IMMOBILIEN AKTUELL (IA): Das Thema Natur und Nachhaltigkeit spielt in Ihrem Unternehmen eine vorrangige Rolle und das bereits seit vielen Jahrzehnten. Überrascht es Sie, dass Nachhaltigkeit in der Branche erst jetzt und damit sehr spät zum Thema wird?
Torsten Nehls (TN): Wir sind positiv überrascht und sehr erfreut, dass das Thema Umweltschutz und Nachhaltigkeit endlich den verdienten Stellenwert in der Bau- und Immobilienbranche erlangt – wenngleich noch immer zu zaghaft.
IA: Bei Ihren Berliner Projekten, unter anderem auf der Charlottenstraße, der Seddiner Straße und weiteren, werden begrünte Dächer realisiert. Welche anderen Maßnahmen setzen Sie außerdem um?

Auf der Seddiner Straße in Berlin entsteht Gewerbefläche – unter ökologischen Gesichtspunkten.

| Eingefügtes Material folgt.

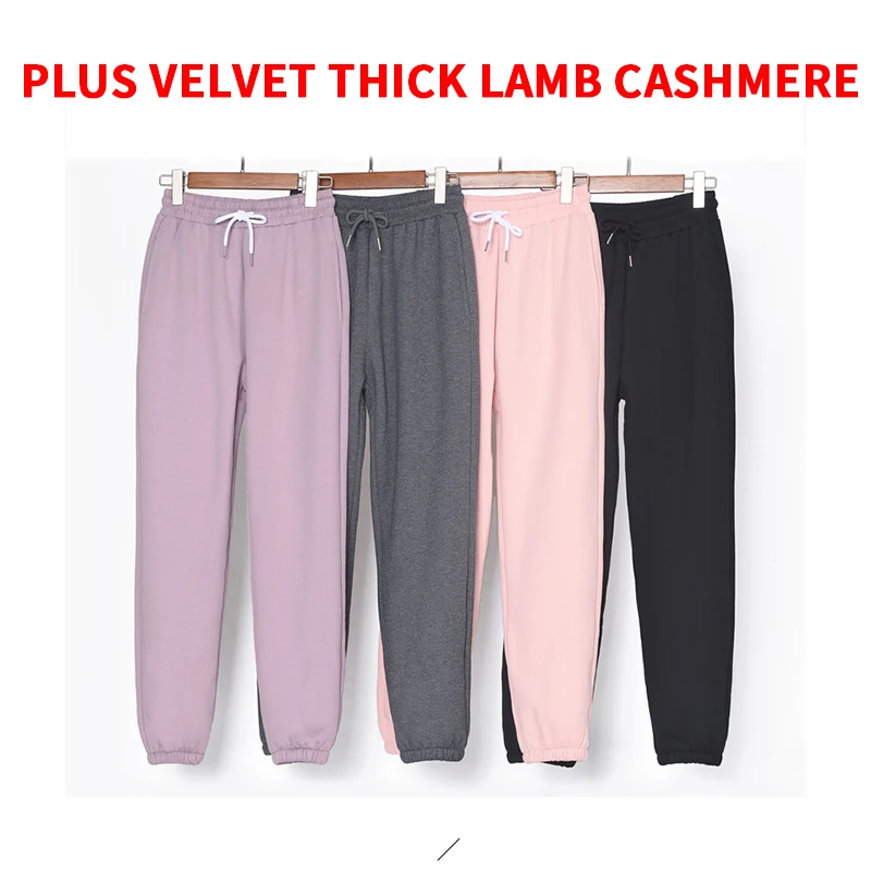 Женские спортивные брюки на шнуровке, утолщенные теплые спортивные ...
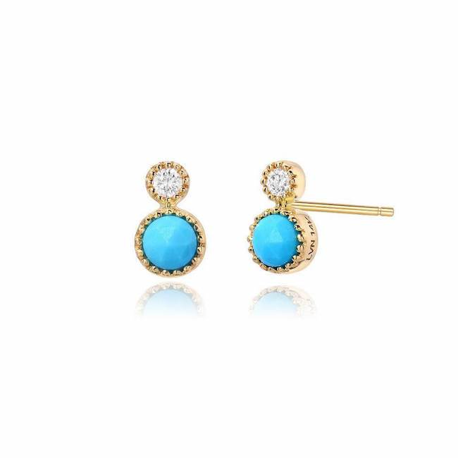 Orbit Petite Turquoise and Diamond Bezel Set Posts
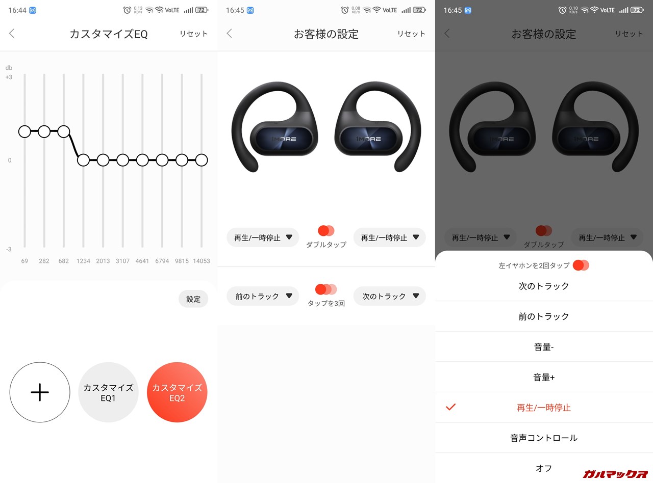 ▼アプリではイコライザー機能やタップ時の動作をカスタマイズすることも出来るようになっていました。↓
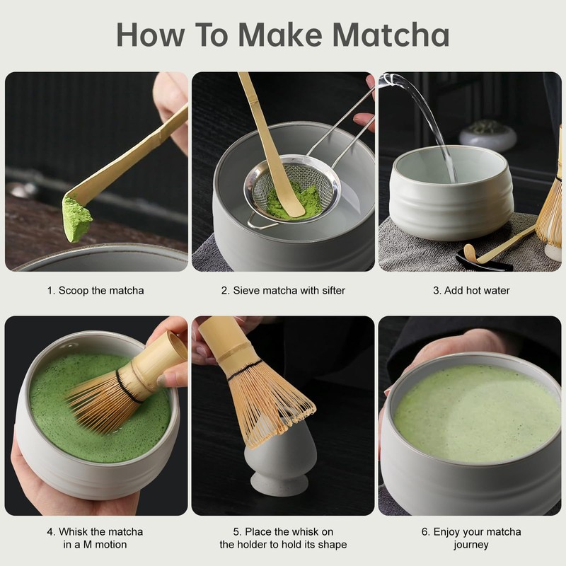 - Discover the art of matcha broom set: with this matcha set without powder, you can effortlessly experience the traditional art of matcha preparation, quickly dissolve and froth the tea powder, and enjoy the perfect taste with every sip.
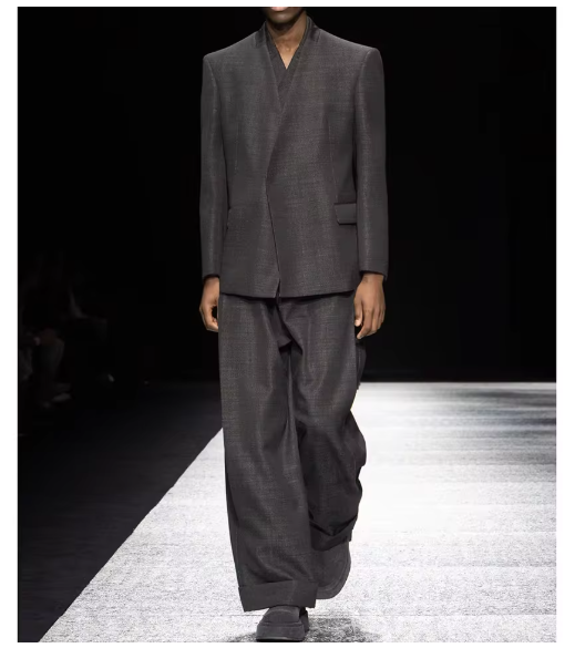 こちらはグッとモードな雰囲気のノーカラースーツ。
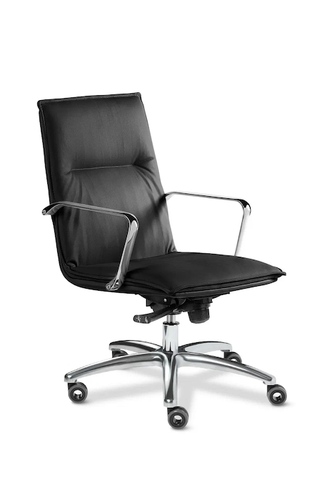 Кресла модели Epsilon - это прекрасный выбор для наполнения офисных пространств, сочетают в себе классическую форму, практичность и приятную эргономику. Кресло руководителя Epsilon B - выполняется с низкой спинкой, крестовина и подлокотники из полированного алюминия. Дизайн кресла лаконичен, сочетает в себе строгость и элегантность. Кресло оборудовано механизмом качания с регулировкой под вес и фиксацией в четырёх положениях - "Мультиблок" (может быть укомплектовано и другими механизмами такими как - "Топган-Люкс"), а так же регулировкой высоты за счет установленного в крестовине кресла газо-масляного амортизатора (газпатрона) 3-ей категории стабильности (DIN 4550 class 3), категория повышенной надёжности: газпатрон выдерживает нагрузку в 200 тысяч циклов при динамической стендовой нагрузке в 80 кг. Минимальное давление, при котором срабатывает газпатрон - 21,5 кг, максимальное - около 150 кг. Толщина поролона на сиденье и на спинке 30 мм. Применяемая марка поролона 30/40 и 18/30 (плотность/жесткость) обеспечивает долговечность кресла. Каркас кресла выполнен из гнутоклееной фанеры в виде ковша. Толщина каркаса - 17 мм. Чехол кресла выполнен из черной или цветной мебельной, натуральной кожи сквозного крашения со среднезернистым тиснением из цельных шкур крупного рогатого скота, задняя часть спинки по евростандарту из кожзама (компаньона) в цвет кожи. Толщина шкуры в стандартной точке 0,9-1,1мм. Также чехол может быть выполнен из экокожи ("Орегон") или микровелюра, вельвета, рогожки. Чехол кресла состоит из трёх частей - сидения, спинки и подголовника, без утяжек и строчек, имеет стильную окантовку-прострочку по кругу. Все указанные материалы экологичные и износостойкие. Крестовина и подлокотники кресла - литые, выполнены из полированного алюминия. Крестовина выдерживает нагрузку до 150 кг. Подлокотники без кожаных накладок. Ролики - паркетные прорезиненные (обеспечивают сохранность паркета, ламината). Каждый ролик рассчитан на нагрузку в 30 кг.

TN: Neben Dachbegrünungen, Wasserkreislaufsystemen für beispielsweise Regenwasser, drainagefähigem Pflaster oder wassergebundenen Wegflächen kommen künftig auch vermehrt Solarelemente auf Dächern und an Balkonen, Wärmepumpensysteme, Energiespeicher und vielleicht auch Dachwindanlagen zum Einsatz. Die Kombination von Gründach und Solar erscheint dem unerfahrenen Beteiligten auf den ersten Blick als widersprüchlich – ist jedoch besonders nachhaltig, da sie die empfindliche Dachfläche schützt, das Gebäude und die Umgebung kühlt und gleichzeitig wesentlich zum idealen Wirkungsgrad der Solaranlagen beiträgt.
IA: Viel diskutiert wird momentan über die richtige Auswahl der Baustoffe und auch über deren Preise. Welche Entwicklung sehen Sie in diesem Bereich?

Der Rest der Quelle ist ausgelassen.